> EXERCISE DESCRIPTION: What is needed is a word-for-word copy of every record below, minus the pictures.

> INPUT FOR THIS TASK:
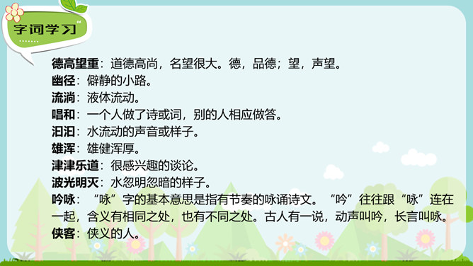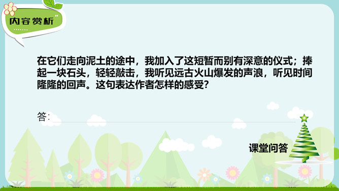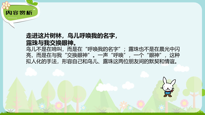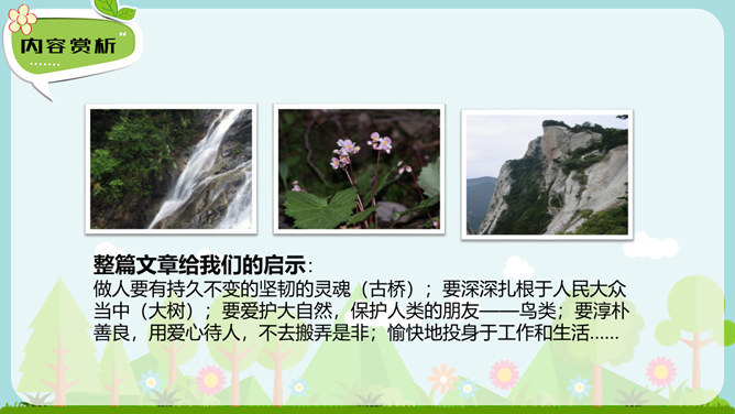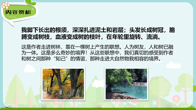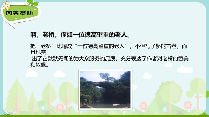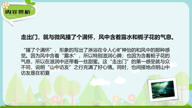 走出门,就与微风撞了个满怀,风中含着露水和栀子花的气息。“撞了个满怀”,形象的写出了淋浴在令人心旷神怡的和风中的那种感觉。因为风中含着“露水”,所以特别滋润心脾;也因为含着栀子花的气息,所以在滋润中还带着一丝甜蜜。这“走出门”的第一感受就与众不同,说明“山中访友”之行充满了好心情。同时,也间接地点明山中访友是在初夏。啊,老桥,你如一位德高望重的老人。把“老桥”比喻成“一位德高望重的老人”,不但写了桥的古老,而且也突出了它默默无闻的为大众服务的品质,充分表达了作者对老桥的赞美和敬佩。走进这片树林,鸟儿呼唤我的名字,露珠与我交换眼神。鸟儿不是在啼叫,而是在“呼唤我的名字”;露珠也不是在晨光中闪亮,而是在与我“交换眼神”。一声“呼唤”,一个“眼神”,这种拟人化的手法,形容自己和鸟儿、露珠这两位朋友间的默契和情谊。我脚下长出的根须,深深扎进泥土和岩层;头发长成树冠,胳膊变成树枝,血液变成树的枝叶,在年轮里旋转、流淌。这是作者走进树林,靠在一棵树上产生的联想。人为树友,人和树已融为一体。这是多么奇妙的境界!从这些联想中,我们真切的感受到作者和树之间那种“知己”的情谊,那种走进大自然物我相容的境界。
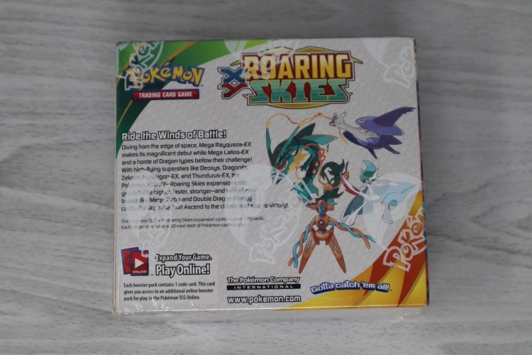 Diving from the edge of space, Mega Rayquaza-EX makes its magnificent debut while Mega Latios-EX and a horde of Dragon types bellow their challenge! With high-flying superstars like Deoxys, Dragonite, Zekrom, Hydreigon-EX, and Thundurus-EX, the Pokémon TCG: XY—Roaring Skies expansion calls you to battle higher, faster, stronger—and with all-new boosts like Mega Turbo and Double Dragon Energy cards, the sky’s the limit! Ascend to the clouds and soar to victory!The Pokémon TCG: XY—Roaring Skies expansion contains over 100 cards. Each player must have a 60-card deck of Pokémon cards to play.
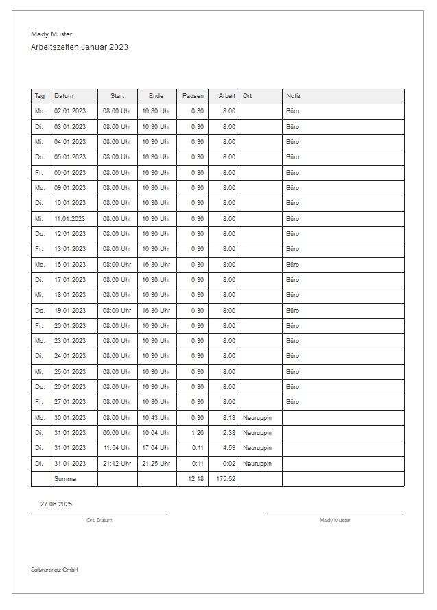Über das Druckersymbol oben rechts, können Sie einmal im Monat den Stundenzettel ausdrucken und vom Mitarbeiter unterschreiben lassen.
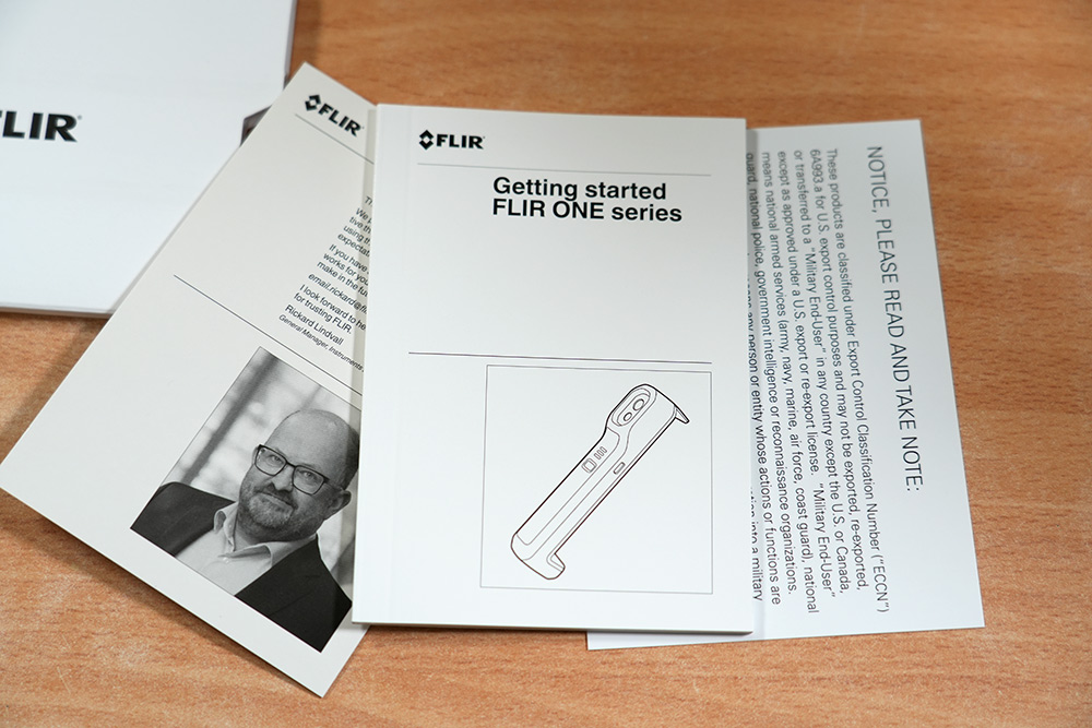 FLIR ONE Edge Pro 구성품으로는 제품 본체와 설명서, USB 케이블이 있습니다.
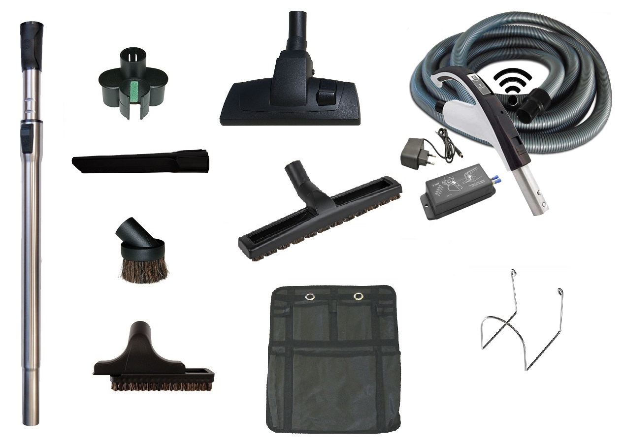 Set de nettoyage Premium Deluxe ‘Poussière’ avec flexible de 9.10m avec poignée à cran d’arrêt et commande Wifi avec Recepteur + accessoires
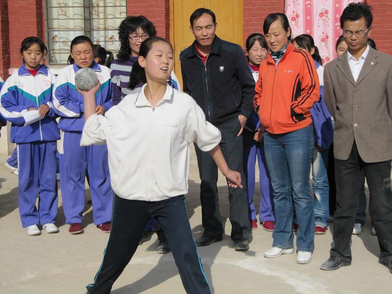 这是我们班的俞晓悦同学,她手里紧握那沉重的铅球,那铅球上凝集了我们的希望。你看她汇集全身的力量,奋力推出铅球,也推出了她理想,她的希望。铅球在空中闪亮,理想在空中发光。加油吧,俞晓悦同学!

> SOLUTION FOR THIS TASK:
 走出门,就与微风撞了个满怀,风中含着露水和栀子花的气息。“撞了个满怀”,形象的写出了淋浴在令人心旷神怡的和风中的那种感觉。因为风中含着“露水”,所以特别滋润心脾;也因为含着栀子花的气息,所以在滋润中还带着一丝甜蜜。这“走出门”的第一感受就与众不同,说明“山中访友”之行充满了好心情。同时,也间接地点明山中访友是在初夏。啊,老桥,你如一位德高望重的老人。把“老桥”比喻成“一位德高望重的老人”,不但写了桥的古老,而且也突出了它默默无闻的为大众服务的品质,充分表达了作者对老桥的赞美和敬佩。走进这片树林,鸟儿呼唤我的名字,露珠与我交换眼神。鸟儿不是在啼叫,而是在“呼唤我的名字”;露珠也不是在晨光中闪亮,而是在与我“交换眼神”。一声“呼唤”,一个“眼神”,这种拟人化的手法,形容自己和鸟儿、露珠这两位朋友间的默契和情谊。我脚下长出的根须,深深扎进泥土和岩层;头发长成树冠,胳膊变成树枝,血液变成树的枝叶,在年轮里旋转、流淌。这是作者走进树林,靠在一棵树上产生的联想。人为树友,人和树已融为一体。这是多么奇妙的境界!从这些联想中,我们真切的感受到作者和树之间那种“知己”的情谊,那种走进大自然物我相容的境界。
 Diving from the edge of space, Mega Rayquaza-EX makes its magnificent debut while Mega Latios-EX and a horde of Dragon types bellow their challenge! With high-flying superstars like Deoxys, Dragonite, Zekrom, Hydreigon-EX, and Thundurus-EX, the Pokémon TCG: XY—Roaring Skies expansion calls you to battle higher, faster, stronger—and with all-new boosts like Mega Turbo and Double Dragon Energy cards, the sky’s the limit! Ascend to the clouds and soar to victory!The Pokémon TCG: XY—Roaring Skies expansion contains over 100 cards. Each player must have a 60-card deck of Pokémon cards to play.
Über das Druckersymbol oben rechts, können Sie einmal im Monat den Stundenzettel ausdrucken und vom Mitarbeiter unterschreiben lassen.
 FLIR ONE Edge Pro 구성품으로는 제품 본체와 설명서, USB 케이블이 있습니다.
 Set de nettoyage Premium Deluxe ‘Poussière’ avec flexible de 9.10m avec poignée à cran d’arrêt et commande Wifi avec Recepteur + accessoires
 这是我们班的俞晓悦同学,她手里紧握那沉重的铅球,那铅球上凝集了我们的希望。你看她汇集全身的力量,奋力推出铅球,也推出了她理想,她的希望。铅球在空中闪亮,理想在空中发光。加油吧,俞晓悦同学!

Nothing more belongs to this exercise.